Mohammed VI face aux nouveaux paradigmes géopolitiques

Alors qu'Hassan II avait assisté à la chute du communisme et au retour du multilatéralisme, son fils poursuit aujourd'hui sa logique d'ouverture, à travers une diplomatie tous azimuts. «La géopolitique n'intègre plus seulement la sécurité ou la politique, mais aussi l'économie, qui exige davantage d'imagination et en cela, Mohammed VI a bien réussi», selon Charles Saint-Prot qui souligne d'autre part un rapprochement «vers la Chine, l'Inde et la majeure partie des pays d'Amérique latine comme le Chili, l'Argentine ou la Colombie».

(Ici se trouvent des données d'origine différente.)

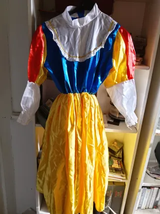 Vestito da carnevale per bambina, ideale per feste e travestimenti. - Maniche a sbuffo con dettagli rossi e gialli. - Gonna ampia e fluente. - Colletto bianco.
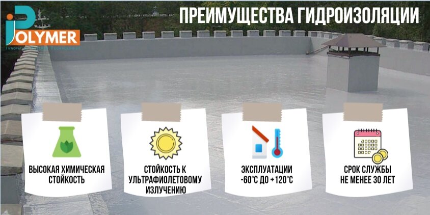 Каждое здание и строение имеет два самых уязвимых к влаге элемента – фундамент и крыша. Некачественно выполненная гидроизоляция не только потребует переделки, но также может стать причиной ремонта декоративной отделки или даже замены перекрытия кровли. Одним из самых надежных материалов сейчас считается жидкая резина. Рекомендуем обращаться к непосредственным производителям изоляционным материалов, если Вы решили купить гидроизоляцию для крыши. 1. Сокращение времени ремонта – при нанесении гидроизоляционной мастики не требуется демонтировать старое покрытие. 2. Позволяет работать с любым рельефом и конфигурацией поверхности. 3. Напыление изоляционного шара жидкой резины позволяет покрывать все примыкания, углы, трещины, воронки, трубы и прочие сложные участки гидроизолируемой поверхности. 4. Полученный материал способен выдержать линейное расширение без разрушения до 1200% с последующим восстановлением первоначальных размеров до 95% после снятия нагрузки. 5. Срок службы гидроизоляции к
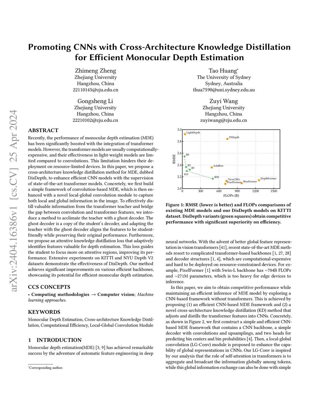 Recently, the performance of monocular depth estimation (MDE) has been significantly boosted with the integration of transformer models. However, the transformer models are usually computationally-expensive, and their effectiveness in light-weight models are limited compared to convolutions. This limitation hinders their deployment on resource-limited devices. In this paper, we propose a cross-architecture knowledge distillation method for MDE, dubbed DisDepth, to enhance efficient CNN models with the supervision of state-of-the-art transformer models. Concretely, we first build a simple framework of convolution-based MDE, which is then enhanced with a novel local-global convolution module to capture both local and global information in the image. To effectively distill valuable information from the transformer teacher and bridge the gap between convolution and transformer features, we introduce a method to acclimate the teacher with a ghost decoder. The ghost decoder is a copy of the student's decoder, and adapting the teacher with the ghost decoder aligns the features to be student-friendly while preserving their original performance. Furthermore, we propose an attentive knowledge distillation loss that adaptively identifies features valuable for depth estimation. This loss guides the student to focus more on attentive regions, improving its performance. Extensive experiments on KITTI and NYU Depth V2 datasets demonstrate the effectiveness of DisDepth. Our method achieves significant improvements on various efficient backbones, showcasing its potential for efficient monocular depth estimation.
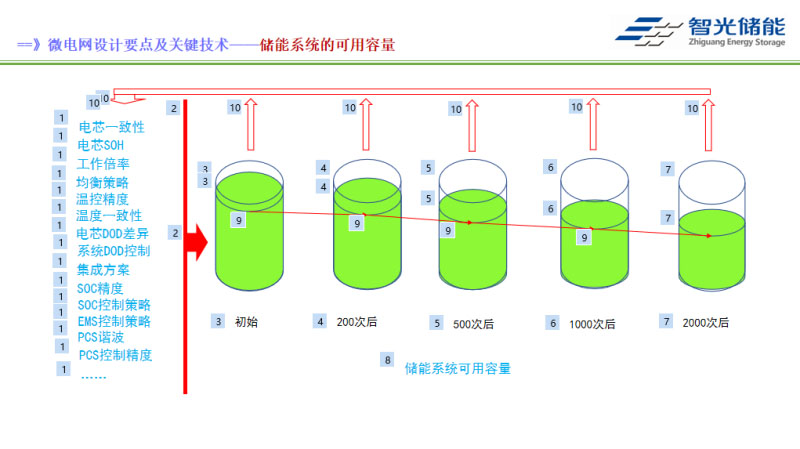 儲能綜合效率是以交流電網并網點為卡口進行評估,儲能系統(tǒng)的綜合效率應該是實際放電量減控制損耗、減散熱保溫損耗、再除以實際充電量的。充電開始算起,圖中是充電可用率、放電可用率、能量轉換效率和系統(tǒng)損耗的四個個定義,這是我們微電網在做儲能選型和設計都應該密切關注和為客戶考慮的。
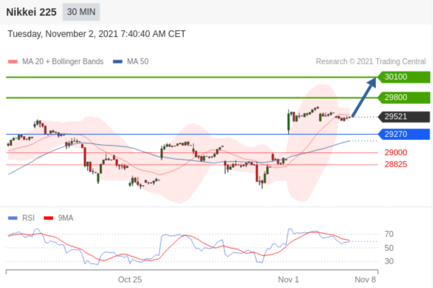 在英伟达公布强劲业绩、缓解市场对人工智能板块估值的担忧后,日本股市周四(11月20日)上涨,结束此前连续四日下跌的走势。 日经225指数盘中一度攀升至关键心理关口 50,000 点上方,午后涨势有所回落,最终收涨 2.7%,报 49,823.94 点;更广泛的 东证指数上涨 1.7%。 在主板市场上,涨幅领先的板块包括有色金属、电器(

Il précise par ailleurs que «Trump a saisi l'enjeu commercial du Maroc, aux prises avec une concurrence européenne et chinoise accrue. Tanger-Med': c'est 2 milliards de dirhams d'investissements chinois et 100 000 emplois à la clé! De plus, le Maroc accueille favorablement le retour de la Russie», comme en témoignent les déplacements du roi à Moscou en 2016 ou celui de Serguei Lavrov au Maroc en janvier 2019, en vue d'un accord de libre-échange entre les deux pays. Au niveau des défis que doit relever le roi: les migrations et la menace terroriste représentent les 2 faces de la même pièce, érigées sur les bases d'un «mal-développement» régional qui traverse les frontières du Maghreb jusqu'aux profondeurs subsahariennes.

En 2018, 25 101 personnes ont rejoint l'Espagne via le Maroc, selon l'OIM. En 2017, le roi annonçait la régularisation de 25 000 demandeurs d'asile ; en 2018, le Maroc coprésidait avec l'Allemagne, le Forum mondial sur la migration et le développement (GFMD) et accueillait la conférence du «Pacte de Marrakech». Peu à peu, le roi a intégré les migrations au cœur de la stratégie centrale du Maroc.

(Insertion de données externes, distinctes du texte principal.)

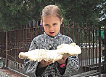 На снимке: больше всего обрадовалась “грибам из царства великанов” внучка Олега Катенька.
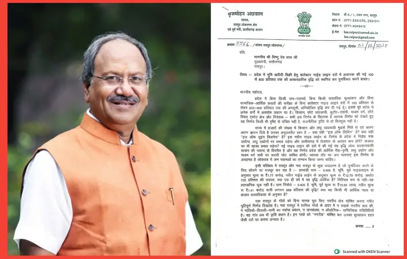 रायपुर। छत्तीसगढ़ की जनता के हितों की रक्षा के लिए सदैव तत्पर रहने वाले वरिष्ठ भाजपा नेता एवं रायपुर लोकसभा सांसद श्री बृजमोहन अग्रवाल ने एक बार फिर अपनी दृढ़, संवेदनशील और जननायक शैली का परिचय दिया है। प्रदेश में भूमि खरीदी-बिक्री के लिए कलेक्टर गाइडलाइन दरों में 100 से 800 प्रतिशत तक की वृद्धि पर आपत्ति जताते हुए, मुख्यमंत्री श्री विष्णुदेव साय को विस्तृत पत्र लिखकर इस निर्णय को तत्काल स्थगित कर पुनर्विचार करने की मांग की है।
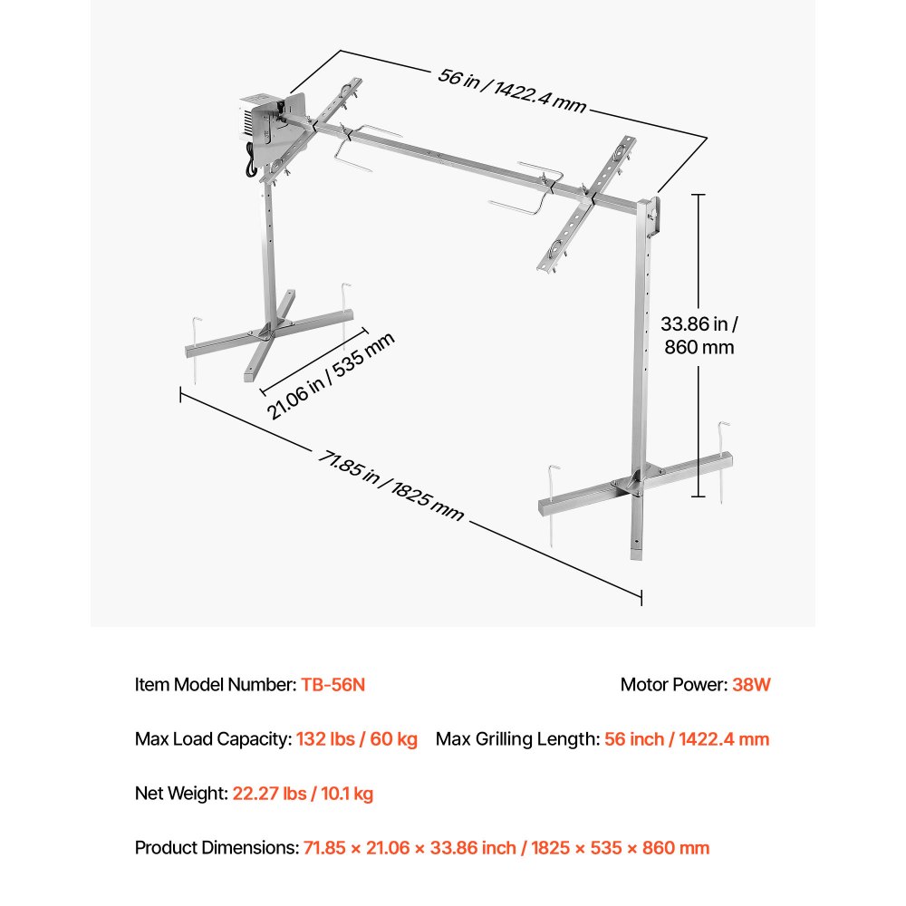 Elektriline Rotisserii Grill (38W, 60 kg Kandevõime, 8 Kõrgustaset)

Enfin, frappé par des attentats terroristes à Casablanca (2003) et à Marrakech (2011 et 2017), le Maroc a perfectionné son système de renseignement et s'est doté d'un bureau central d'investigation judiciaire (BCIJ), «une sorte de FBI marocain qui a démantelé près de 400 cellules terroristes, déjoué près de 40 attentats depuis février 2015, et qui s'intéresse aussi aux financements et au cyber-terrorisme», rapporte Emmanuel Dupuy.

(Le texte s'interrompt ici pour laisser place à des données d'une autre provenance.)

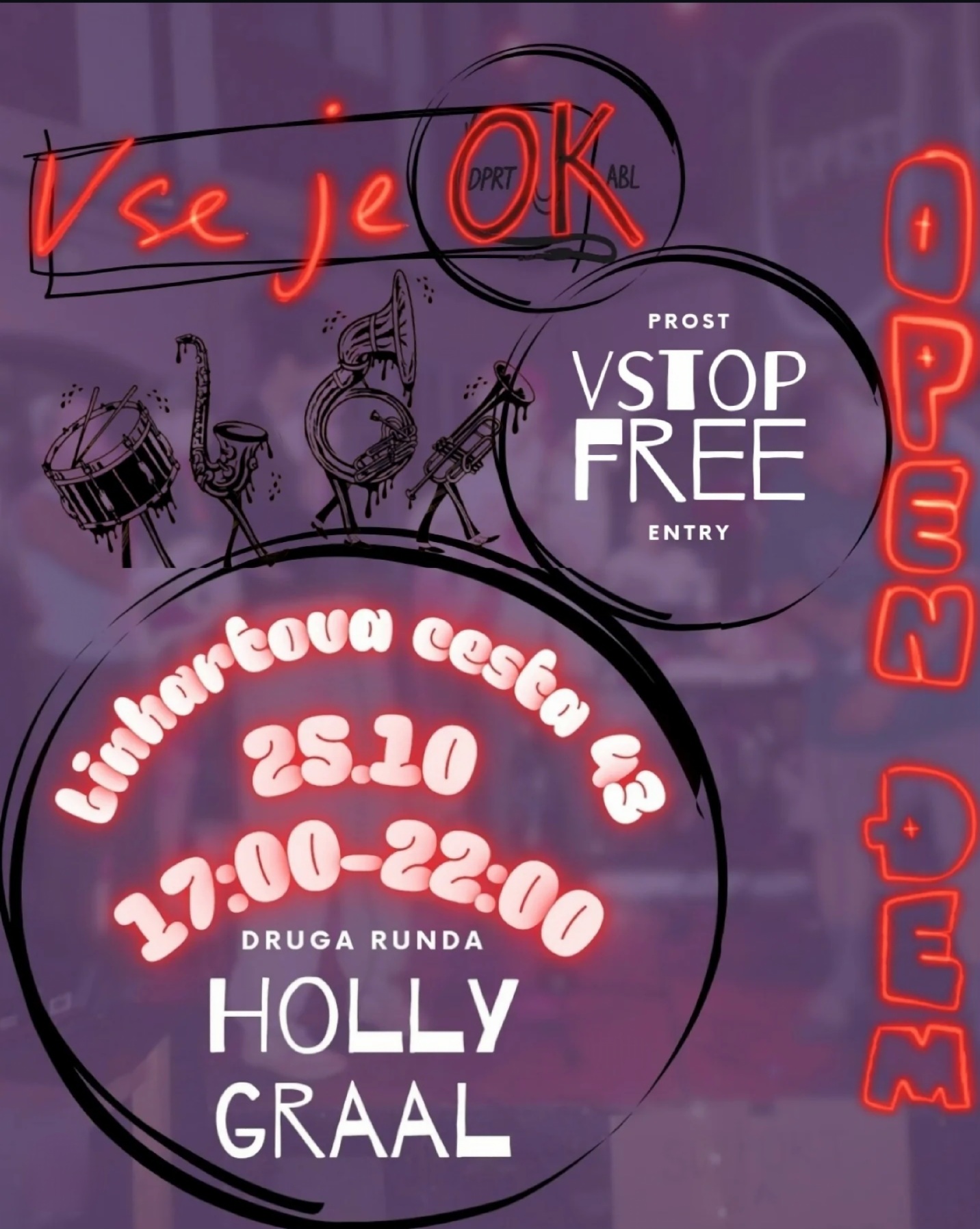 Drugi dogodek imenovan “Holly Graal” je poleg 2x večjega obiska, zabeležil tudi prvo menjavo lokacije. EN teden pred dogodkom smo izvedeli, da na prvotni lokaciji izvedba ne bo mogoča, zato se je iskala zamenjava. Nasproti so nam prišli iz Avtonomne cone PLAC. Na začetku izpad elektrike – ja, tako hudi đemerji se udeležujejo našega dogodka, a smo to hitro rešili. Večji in zaprt prostor nam je omogočil svobodno gibanje kljub zimi, ogromno novih glasbenikov in poslušalcev se je udeležilo dogodka, zaradi katerih smo šteli obisk približno 90 ljudi. Vse je zopet “potonal” Studio UHO. Sponzorski izdelki so bili namenjeni prostovoljnim prispevkom, vsak si je lahko v zameno za podporo Odprtega Kabla vzel karkoli. Zopet se je pelo in igralo 5 ur, na koncu pa smo že tradicionalno zaključili večer z odštevanjem do 22.00 ure.

Le Maroc a également rejoint le G4 (coopération pour l'échange d'informations entre le Portugal, l'Espagne, la France et le Maroc) et a intégré le «plan transsaharien des Etats-Unis, auxquels le pays accorde par ailleurs, des facilités portuaires à Kénitra», précise le président de l'IPSE (7 000 GI's sont actuellement répartis dans 35 pays d'Afrique, dont 4500 à Djibouti). En première ligne dans la lutte contre les extrémismes violents, le Maroc du roi Mohammed VI s'est imposé ces vingt dernières années, comme un partenaire régional majeur, relayé par une diplomatie culturelle intensive sur fond de leadership africain retrouvé.